La organización de la Iglesia en Nauvoo
    Notas al pie de página

    La organización de la Iglesia en Nauvoo

    D. y C. 124, 125

    Pintura del recodo del río Mississippi en Nauvoo

    Un nuevo lugar de recogimiento

    Después de ser expulsados de sus casas del norte de Misuri, los santos huyeron hacia el este, hacia el río Misisipi, y se refugiaron durante el invierno de 1838–1839 en varios asentamientos a lo largo del río en el territorio de Iowa e Illinois; el mayor número de santos se congregó en Quincy, Illinois, y sus alrededores. Obligados a abandonar toda esperanza inmediata de que se les devolviera su tierra de Sion en el condado de Jackson, Misuri, los líderes de la Iglesia buscaron un nuevo centro de recogimiento para los santos. Para el verano de 1839 habían comprado el área de Commerce, en el condado de Hancock, Illinois, así como amplias extensiones de terreno del otro lado del río, en el territorio de Iowa. Commerce fue seleccionado como el nuevo lugar de recogimiento y los santos rápidamente dieron otro nombre a su nueva ciudad: “Nauvoo”.

    Después de haber aprendido por propia experiencia al ser expulsados de sus hogares, primero en el condado de Jackson, Misuri, y después de los condados de Caldwell, Davies y Ray, al norte de Misuri, los santos estaban decididos a hacer uso de los poderes gubernamentales. Empezaron a intentar establecer una ciudad en su nuevo hogar en Illinois, en el que podrían ser libres para ejercer sus derechos religiosos con la protección de la autoridad jurídica correspondiente.

    El 16 de diciembre de 1840, el gobernador de Illinois, Thomas Carlin, y la Asamblea Legislativa de Illinois, que en un principio deseaba obtener los votos del gran número de refugiados mormones de Misuri, e indignado por las atrocidades cometidas contra los santos por sus vecinos de Misuri, aprobó “Una ley de constitución de la ciudad de Nauvoo”. Esa carta concedió amplios poderes legales a los ciudadanos de Nauvoo, incluidos la capacidad de organizar un órgano legislativo para crear leyes en la ciudad, el poder de crear la Legión de Nauvoo como un subgrupo de la milicia estatal, y la autoridad para fundar una universidad en la ciudad, entre otros poderes1. Más o menos al mismo tiempo que los santos estaban tratando de obtener la carta de su ciudad, también intentaron constituir la Iglesia en el estado de Illinois, con José Smith como fideicomisario2. Mientras se hacía ese esfuerzo por establecer una nueva ciudad para los santos en las orillas del río Misisipi, José Smith recibió una revelación, el 19 de enero de 1841, que declaraba a Nauvoo como una ciudad con templo y un nuevo lugar de recogimiento, daba instrucciones a los líderes de la Iglesia y establecía la organización de la Iglesia en Nauvoo. Esa revelación se encuentra actualmente en Doctrina y Convenios 124.

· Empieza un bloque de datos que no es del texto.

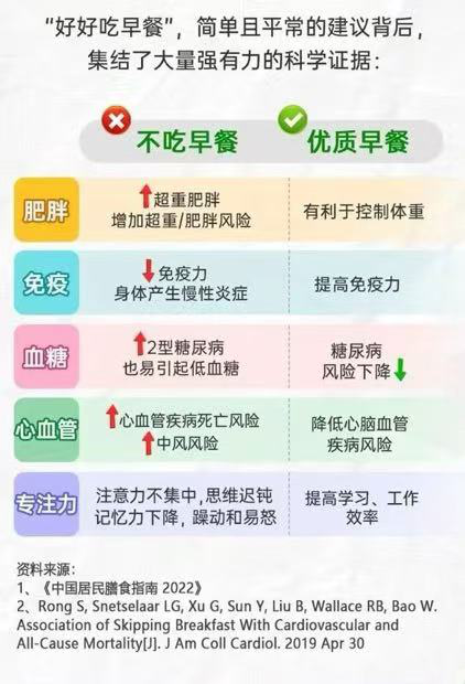 早餐提供全天能量的25%—30%,一份搭配合理、种类丰富、能量充足的营养早餐,可以让我们充满活力,有利于儿童青少年和成年人保持高效的学习工作效率。还可以降低一些疾病的发生风险,促进身心健康,提升生活质量和幸福感。
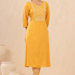 Mustard Rayon Crepe Embroidered Straight Kurta

    Las secciones de Doctrina y Convenios acerca de Nauvoo

    Aunque la gran mayoría de los relatos existentes de los sermones públicos de José Smith datan de la época de la historia de la Iglesia en Illinois, ocurre lo contrario con los registros de sus revelaciones. De las 135 secciones de la versión SUD actual de Doctrina y Convenios recibidas durante la vida de José Smith, sólo nueve datan de los cinco años que el Profeta vivió en Nauvoo. De las ciento diez secciones que formaban parte de los libros canónicos durante la vida de José Smith (en la edición de Doctrina y Convenios de 1844), sólo tres datan de la época de Illinois3.

    La comparación de las nueve secciones canónicas que actualmente forman parte de Doctrina y Convenios, registradas durante los años que José Smith vivió en Illinois, pone de manifiesto la importancia de la revelación del 19 de enero de 1841. La sección 125, una breve revelación recibida en marzo de 1841, trata del establecimiento de la estaca de Zarahemla al otro lado del río Misisipi, en el territorio de Iowa. La siguiente revelación registrada (la sección 126), recibida en julio de 1841, contiene las instrucciones personales dadas a Brigham Young en cuanto a su servicio misional. Las secciones 127 y 128 son cartas de septiembre de 1842 que contienen instrucciones de José Smith para los santos de Nauvoo, que describen, entre otras cosas, el principio del bautismo por los muertos. Esas dos cartas, escritas mientras José Smith estaba escondido, fueron muy apreciadas por los santos que las consideraban comunicaciones inspiradas de su Profeta ausente, y fueron, junto con la sección 124, las únicas revelaciones o instrucciones de la época de Illinois que fueron parte de las Escrituras durante la vida del Profeta.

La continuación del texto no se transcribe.